20041224

Rotten Apples

We all have our talents.

One thing I have always been good at is being a doormat. Not the best thing to be but someone’s gotta do it, right? I can stand up and fight for a cause, but only if it’s not just MY cause. If I come across a rude cashier, I slump off grumbling and whine about it later. If they’re rude to the next people in line, though, watch out!

I have repeatedly gotten myself in trouble with the naive belief that everyone everywhere has some good in them, and it’s possible to find it and nurture it to help that lost soul become a stronger, better person. I was willing to drop everything to help someone, even if they had already – repeatedly – engaged in a jig on my head/heart/whatever tender flesh may have been available. I thought everyone could be rehabilitated. Now, though, I am not so sure.

It’s sad to meet someone who is all messed up because they are unbalanced, maybe they had a traumatic childhood (who didn’t to some extent), maybe they just didn’t get enough hugs, maybe they need their dosage tweaked, whatever. Maybe they’re just plain mean, ugly and dumb. Regardless they deserve a little pity, don’t they? I readily admit to being a bit of a nutter, but not to the extent I could use it convincingly as a defense. I know right from wrong, and while at times I may feel the urge to cross that line I still have that mechanism that makes the average person stop short of burying the screwdriver in the eye of the condescending prick at the hardware store who thinks it might be a good idea to wait for your husband before you make a decision because after all, who is going to be doing the work (likely me, fartface). I have my moments, we all do, but that's what they are, moments, not a lifetime. But maybe for some of these poeple nothing helps. Because thy don't want to be fixed, or don't acknowledge there is really any problem to be fixed, or just don't believe they CAN be fixed (if it worked for Tinkerbell, it must be true)...Maybe in that case broken just means broken.

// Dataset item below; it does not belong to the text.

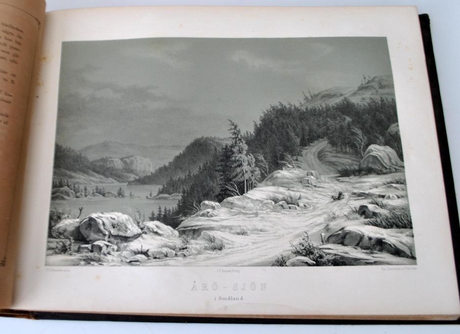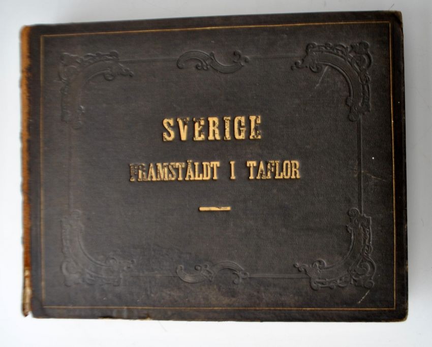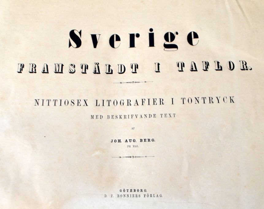 Sverige Framstäldt i taflor - Nittiosex litografier i tontryck med beskrifvande text af Joh. Aug. Berg. Trykt hos Hedlund og Lindskog. Udgivet af D. F. Bonniers Förlag, Göteborg, Sverige. 1856. Med 96 litografier af svenske byer, slotte og naturområder. Forrest indholdsfortegnelse. Indbundet. 194 sider. H: 28 cm L: 37 cm

But then there’s that other class of whackos. The ones who are either completely unable to discern right from wrong, or who could simply care less because there is no conscience there muttering in their ears that maybe it’s not such a good idea. Because they don’t really feel much of anything, but the really smart ones figured out that best way to hide isn’t to, it’s to be out there, right in front of the world, anticipate the expected emotion, then emulate. And we probably pass someone like this every day and never notice. And maybe someday you actually make eye contact with a psychopath. And they acknowledge you. And then they smile. A cold, hard smile that never quite makes it to their eyes. And you find yourself taking extra care to make sure the doors are locked up tight. You watch the shadows, for movement, strain your ears to identify every little sound because you know they know you know.